Exercise directions: Repeat everything in the data exactly except images.
━━━━━ Stored data
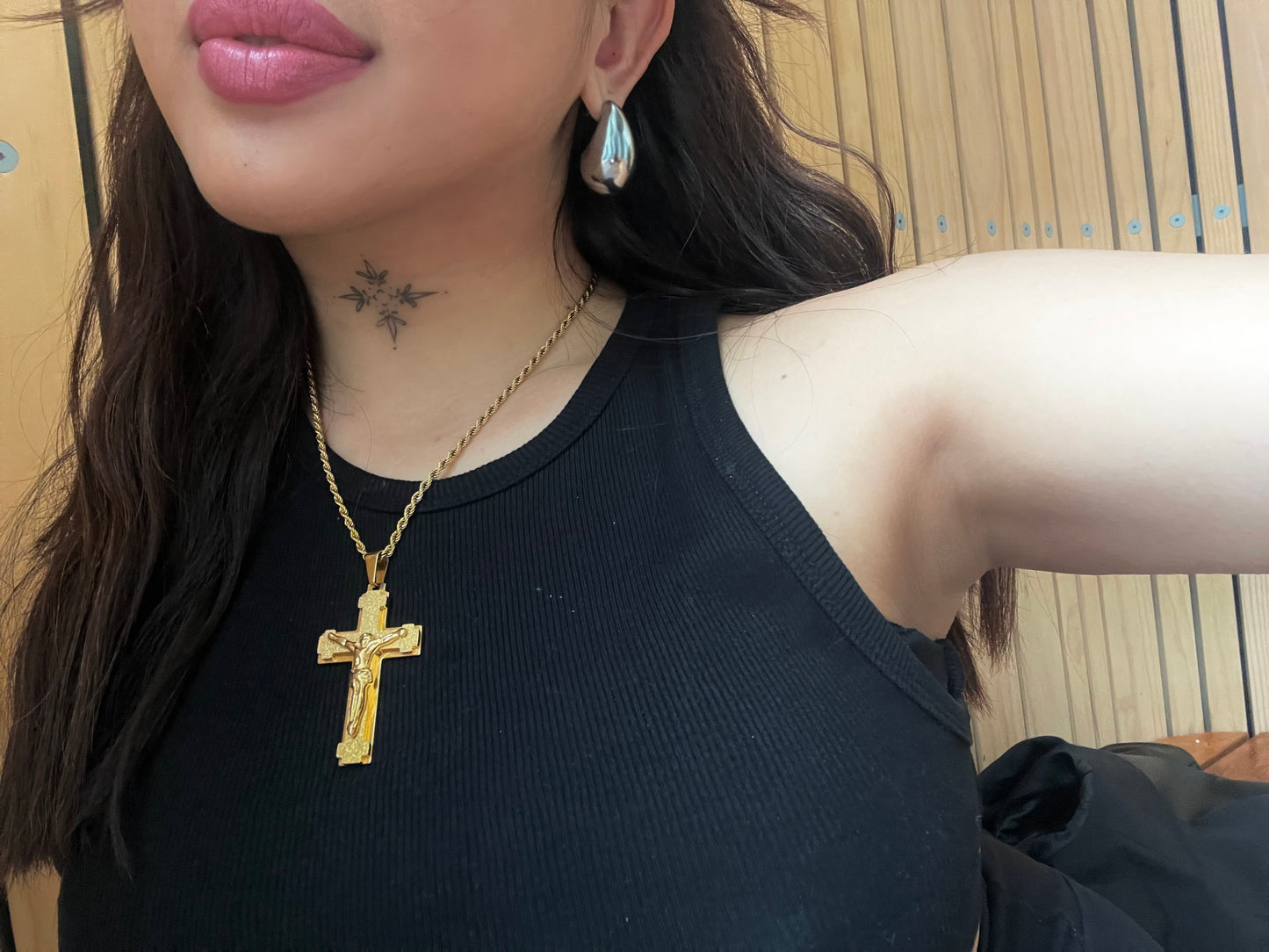 The KOMI CROSS CHAIN is a premium quality necklace that features a unique cross chain design crafted from 18k electroplated gold and titanium steel. This durable and stylish necklace is the perfect accessory for any outfit. Elevate your style with the KOMI CROSS CHAIN today.
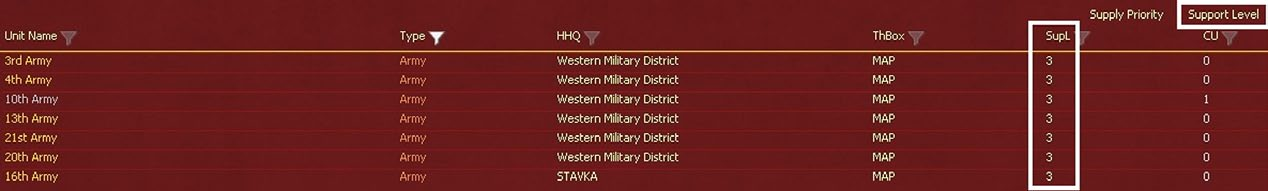 - Total Support: Total support used (organic plus HQ help) by units in the chain of command under this HQ during last logistics phase.
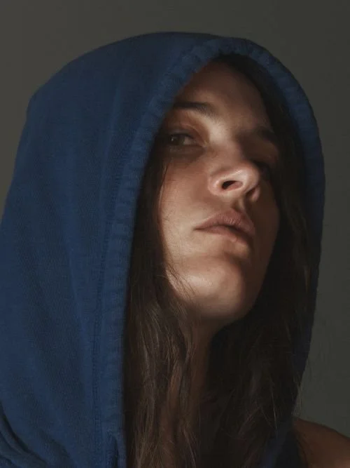 If Sophia has caught the attention of casting directors, it’s as much about that vibe as her literal styling, and it derives from her close creative partnership with her longstanding visual collaborators. In the video for I’ll Take It, she rocks up to a 10th-floor gym after hours, wired headphones in and purple adidas hoodie zipped, mouthing her lyrics as she lifts weights and spins about. In the sunrise opening of the rooftop-set Everyone Falls Asleep In Their Own Time, she lights a cig and not-quite-winks at the camera. By the end, she’s veered into parkour, the city skyline behind her, the moves and views a callback to her and Aaron’s youthful passion for skating. “With street skating, you’re always looking. You view things with a creative mind. Spots where you could do a trick. [Our] favourite thing was just to smoke weed and edit a skating video. It’s so fun.” A few months back, Sophia’s skating connection and fashion credentials synced up rather nicely when she modelled for Palace’s holiday lookbook.
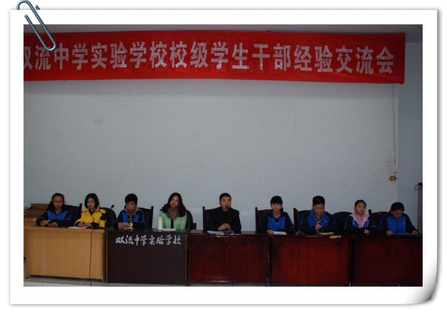 2014年12月1日下午,校学生会2015届2016届2017届各个部门的学生干部在学术演讲厅展开了新干部与老干部的经验交流会,这次的交流会主要围绕七年级新学生干部该怎样熟悉工作为主。交流会开始前,德育处的王俊老师提出了:“在岗一分钟,做好六十秒”的话题,这句话,是作为一个学生会干部最应该做好的一件事,这也应当是学生会干部工作时的真实写照。随后,九年级的老干部开始了新学生干部的经验交流会。
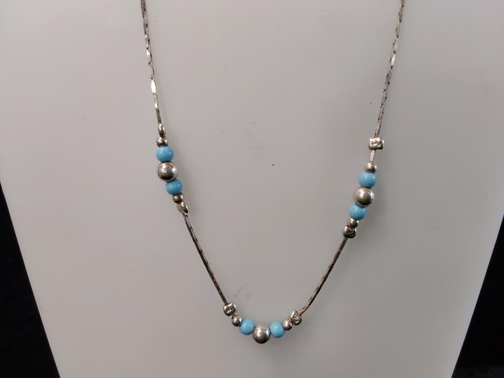 COLLIER EN ARGENT PERLES COLORIS TURQUOISE
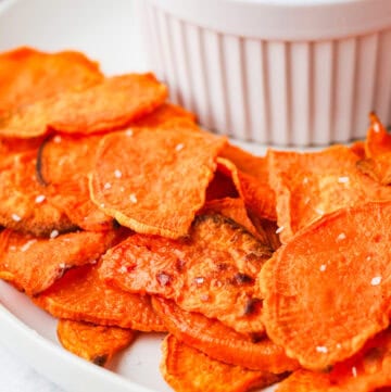 Treat these sweet potato potato chips as you would any regular potato chips. They’re a fun and tasty appetizer or snack, or they go great as a side dish with any of the following
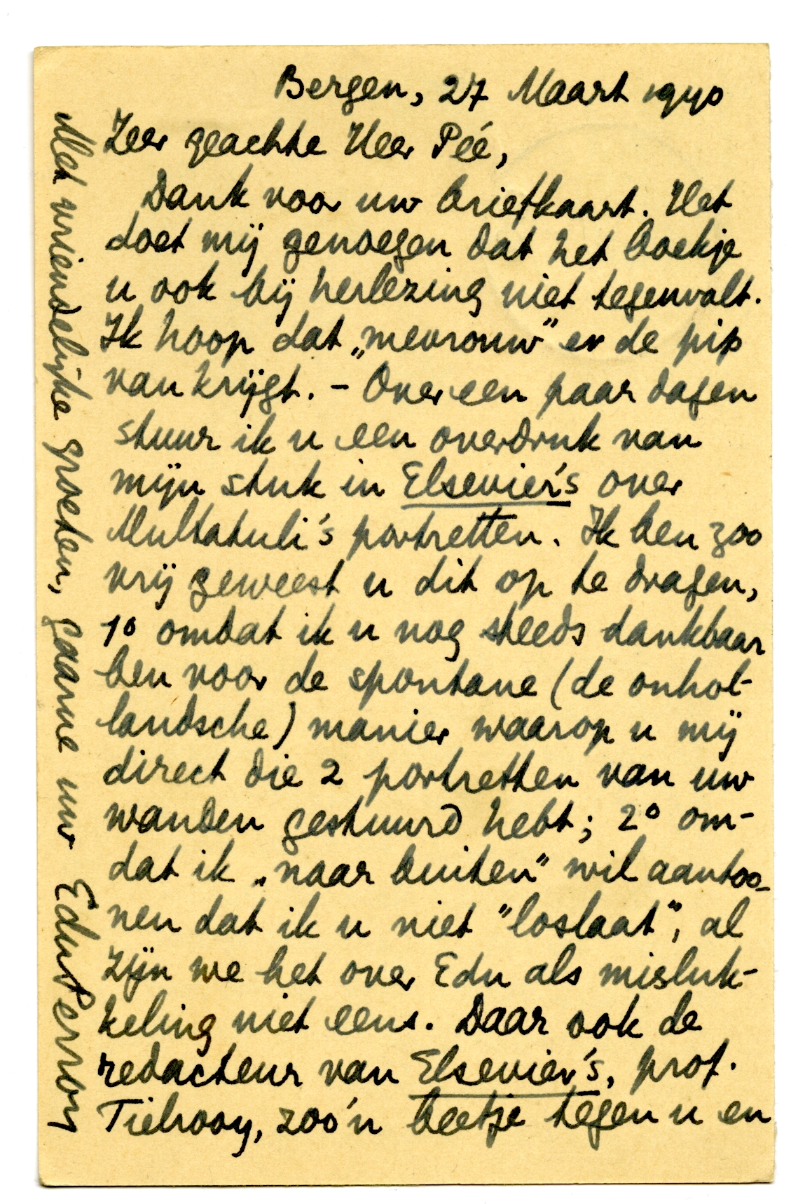 Dank voor uw briefkaart. Het doet mij genoegen dat het boekje u ook bij herlezing niet tegenvalt. Ik hoop dat ‘mevrouw’ er de pip van krijgt. - Over een paar dagen stuur ik u een overdruk van mijn stuk in Elsevier's over Multatuli's portretten. Ik ben zoo vrij geweest u6856 dit op te dragen, 1o omdat ik u nog steeds dankbaar ben voor de spontane (de onhollandsche) manier waarop u mij direct die 2 portretten van uw wanden gestuurd hebt; 2o omdat ik ‘naar buiten’ wil aantoonen dat ik u niet ‘loslaat’, al zijn we het over Edu als mislukkeling niet eens. Daar ook de redacteur van Elsevier's, prof. Tielrooy, zoo'n beetje tegen u en Ter Braak, dwz. pro ‘mevrouw’ geschreven heeft - hoewel zeer gematigd!6857 - vond ik dit extra aardig, nu dit artikel in zijn blad verschijnt. Ik hoop dat u de opdracht aanvaarden wilt. Ter Br. kijkt met spanning uit naar ùw antwoord op ‘mevrouw’; hij zou uw en mijn antwoord liefst samen voor Het Vad. bespreken.
━━━━━━━━━━
Solution to the exercise:
 The KOMI CROSS CHAIN is a premium quality necklace that features a unique cross chain design crafted from 18k electroplated gold and titanium steel. This durable and stylish necklace is the perfect accessory for any outfit. Elevate your style with the KOMI CROSS CHAIN today.
 - Total Support: Total support used (organic plus HQ help) by units in the chain of command under this HQ during last logistics phase.
 If Sophia has caught the attention of casting directors, it’s as much about that vibe as her literal styling, and it derives from her close creative partnership with her longstanding visual collaborators. In the video for I’ll Take It, she rocks up to a 10th-floor gym after hours, wired headphones in and purple adidas hoodie zipped, mouthing her lyrics as she lifts weights and spins about. In the sunrise opening of the rooftop-set Everyone Falls Asleep In Their Own Time, she lights a cig and not-quite-winks at the camera. By the end, she’s veered into parkour, the city skyline behind her, the moves and views a callback to her and Aaron’s youthful passion for skating. “With street skating, you’re always looking. You view things with a creative mind. Spots where you could do a trick. [Our] favourite thing was just to smoke weed and edit a skating video. It’s so fun.” A few months back, Sophia’s skating connection and fashion credentials synced up rather nicely when she modelled for Palace’s holiday lookbook.
 2014年12月1日下午,校学生会2015届2016届2017届各个部门的学生干部在学术演讲厅展开了新干部与老干部的经验交流会,这次的交流会主要围绕七年级新学生干部该怎样熟悉工作为主。交流会开始前,德育处的王俊老师提出了:“在岗一分钟,做好六十秒”的话题,这句话,是作为一个学生会干部最应该做好的一件事,这也应当是学生会干部工作时的真实写照。随后,九年级的老干部开始了新学生干部的经验交流会。
 COLLIER EN ARGENT PERLES COLORIS TURQUOISE
 Treat these sweet potato potato chips as you would any regular potato chips. They’re a fun and tasty appetizer or snack, or they go great as a side dish with any of the following
 Dank voor uw briefkaart. Het doet mij genoegen dat het boekje u ook bij herlezing niet tegenvalt. Ik hoop dat ‘mevrouw’ er de pip van krijgt. - Over een paar dagen stuur ik u een overdruk van mijn stuk in Elsevier's over Multatuli's portretten. Ik ben zoo vrij geweest u6856 dit op te dragen, 1o omdat ik u nog steeds dankbaar ben voor de spontane (de onhollandsche) manier waarop u mij direct die 2 portretten van uw wanden gestuurd hebt; 2o omdat ik ‘naar buiten’ wil aantoonen dat ik u niet ‘loslaat’, al zijn we het over Edu als mislukkeling niet eens. Daar ook de redacteur van Elsevier's, prof. Tielrooy, zoo'n beetje tegen u en Ter Braak, dwz. pro ‘mevrouw’ geschreven heeft - hoewel zeer gematigd!6857 - vond ik dit extra aardig, nu dit artikel in zijn blad verschijnt. Ik hoop dat u de opdracht aanvaarden wilt. Ter Br. kijkt met spanning uit naar ùw antwoord op ‘mevrouw’; hij zou uw en mijn antwoord liefst samen voor Het Vad. bespreken.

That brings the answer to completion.